Una mujer de uniforme gris y naranja barre la avenida. Una figura solitaria que se mueve de aquí para allá en medio de la colección de negocios cerrados, de rejas oxidadas de los edificios vecinos. Un esfuerzo solitario y titánico, en medio de la gruesa capa de basura que nadie se ha ocupado en recoger por semanas. Pero ella se esfuerza, con el rostro tenso, la boca fruncida. Cuando paso junto a ella, le doy los buenos días. Pero no me responde, ni siquiera me mira. Se afana, con las manos apretadas en el mango de la escoba, por sacudir los montones de escombros y desperdicios. Me detengo de nuevo a mirarla y tengo la sensación que ella, con esa terquedad, ese silencio irascible, nos representa a todos. Representa este dolor álgido del país perdido, resquebrajado, roto, abierto en dos. Un país que perdió incluso el derecho de manifestar la opinión.

El domingo veinte de mayo fue la segunda vez en mi vida en la que no voté. Una sensación de abrumadora responsabilidad que me dejó deprimida y cansada durante buena parte del día. Durante toda mi vida, me enorgullecí de llamarme a mi misma “ciudadana”. De negarme al apelativo “pueblo”, de pertenecer a la masa anónima que va y viene según los designios del político carismático de turno. Pero el domingo, me quedé sin armas, de pie en la calle en la que crecí, aturdida por la novedad de no existir en el ámbito de mi país. Es una sensación a la que tuve que acostumbrarme: Hugo Chavez Frías me declaró enemigo de su gran proyecto personalista desde muy joven, como a otros tantos Venezolanos. Me convertí en un ciudadano de segunda categoría, de los que se insultan, se ignoran. De modo que escogí el voto como una herramienta en su contra. No importa que jamás haya votado por el candidato ganador — aunque en dos ocasiones, si por dos opciones mayoritarias — pero votar era mi forma de insistir y persistir que aún existía. Que todavía había una forma de enfrentarme a esa figura en apariencia monstruosa que aglutinó la política y la convirtió en odio. Pero el domingo, no voté. Simplemente me quedé en pie, volví a dejar de existir. La sensación me dejó agotada, afligida, agobiada.
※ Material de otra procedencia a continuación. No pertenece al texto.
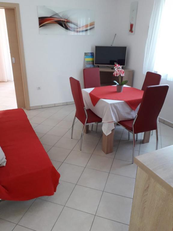 Pierwszy raz byliśmy na Rabie, ale na pewno nie ostatni, Rab jest piękny, ale byliśmy zachwyceni podejściem i gościnnością gospodarzy, mieszkanie jest idealnie czyste i zadbane ze wszystkim, czego potrzebujesz, tarasem i pięknym gajem oliwnym, sadem a kwiaty to święto dla duszy , a cień cały dzień nie ma potrzeby klimatyzacji , szczególnie nas zachwyciła , wieczorem idealne na spacer do centrum 10 min , jeszcze raz dziękuję Sandro , szczególnie na ciasto idealnie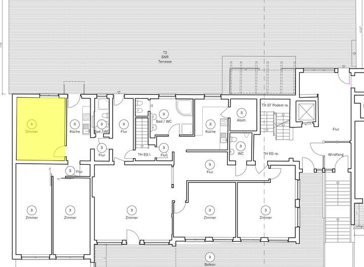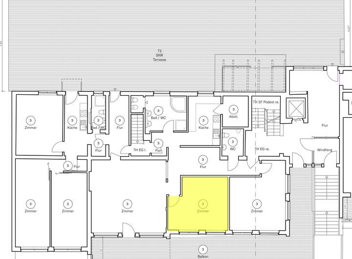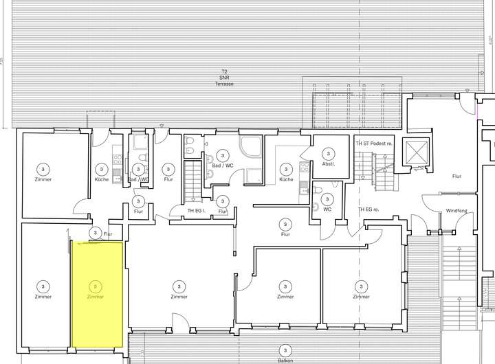 Zimmer 3: ca. 35 m² – 670,00 €/Monat – Kaution: 2.010,00 €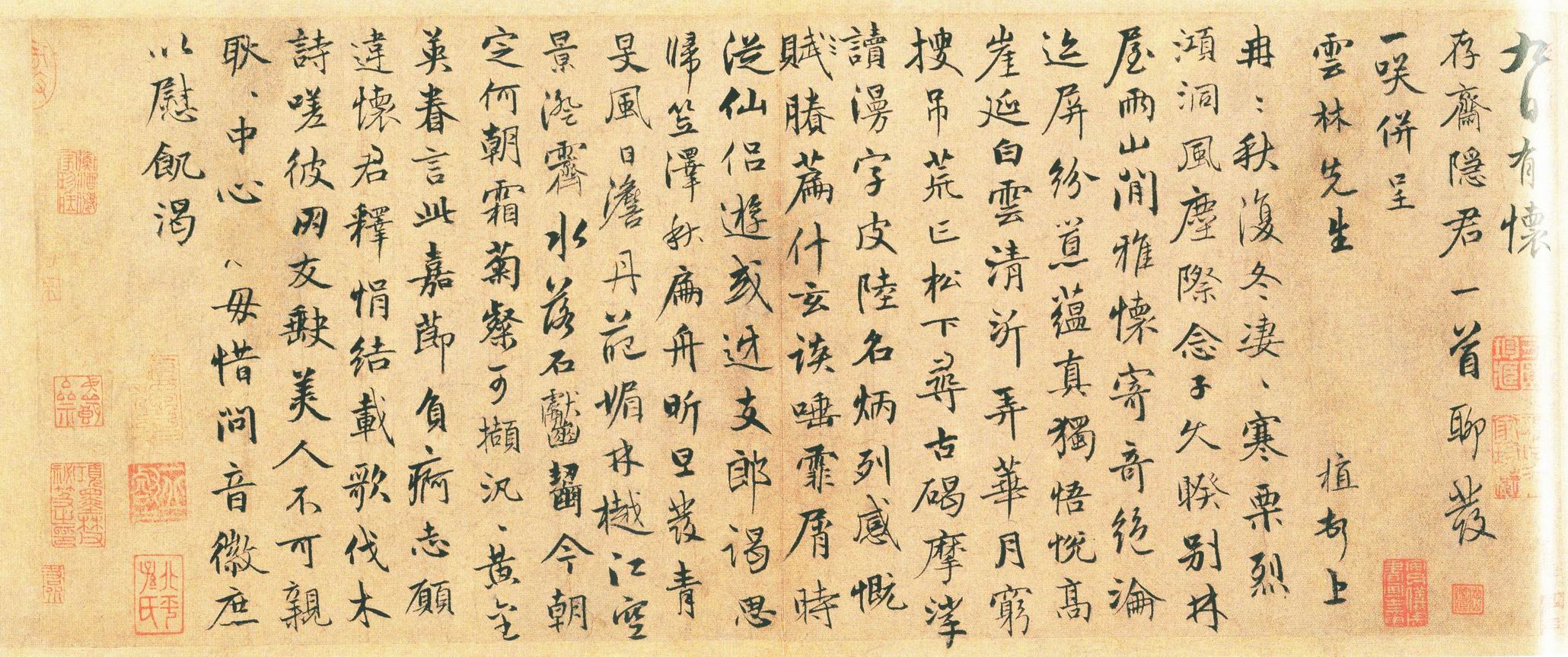 這是陳植寫給"存齋隱君"的一首五言古詩,以詩代柬。"存齋"就是沈右,沈右自署"存存齋",陳基《夷白齋稿》有"存存齋記"一篇,云:"沈君仲說(沈右字仲說),隱居于吳會,耕學于笠澤,廬于陳公之原,而皆名其室曰存存齋"。此詩中亦有"思歸笠澤秋"的句子,與上說正合。另外 在存世的沈右書跡中,也常提及陳植,其中"詩柬帖"即"與叔方詩札并柬"帖,就是給陳植的,可知二人交往頗密。"云林",即倪瓚,時亦在吳中。

— No hay mucho que puedas hacer — me dijo mi amigo A. cuando le hablé sobre el malestar indefinible de no existir en tu país — en todo caso ¿Qué opciones te quedas? ¿Apuntalar al gobierno? ¿Votar por otra versión del oficialismo?

A. y yo hemos discutido sobre el mismo tema por semanas. En algún punto, votar se convirtió en una forma de asumir al país como un todo. Como un proyecto que para bien o para mal podía orquestarse en una lucha desigual contra una maquinaria de poder obscena. Pero eso fue antes de casi cinco meses de protestas y 100 víctimas fatales. Antes de llorar escondida debajo de la ventana de mi estudio, mientras grupos sin rostro disparaban al lugar donde vivo. Antes de correr asfixiada por el gas pimienta dentro de mi propia casa. Eso fue antes de perder la inocencia en un país que se derrumba a pedazos, no sólo por la inabarcable crisis económica, sino por algo más básico y esencial: la pérdida del sentido de lo viable. Venezuela dejó de ser, de estar. De ser un hogar, de comprenderse como una forma de identidad y de recuerdos. Simplemente se convirtió en un fragmento de algo mucho más complicado, complejo y sin sentido. En la consecuencia de una estafa histórica desmesurada y peligrosa. Y en el medio de todo, nos encontramos los sobrevivientes. Los que intentamos avanzar contra la corriente a pesar de todo. Los que todavía luchamos por creer que hay esperanza. Pero a veces, es evidente que incluso esa idea sobre la maravillosa posibilidad de la reconstrucción, también es una trampa.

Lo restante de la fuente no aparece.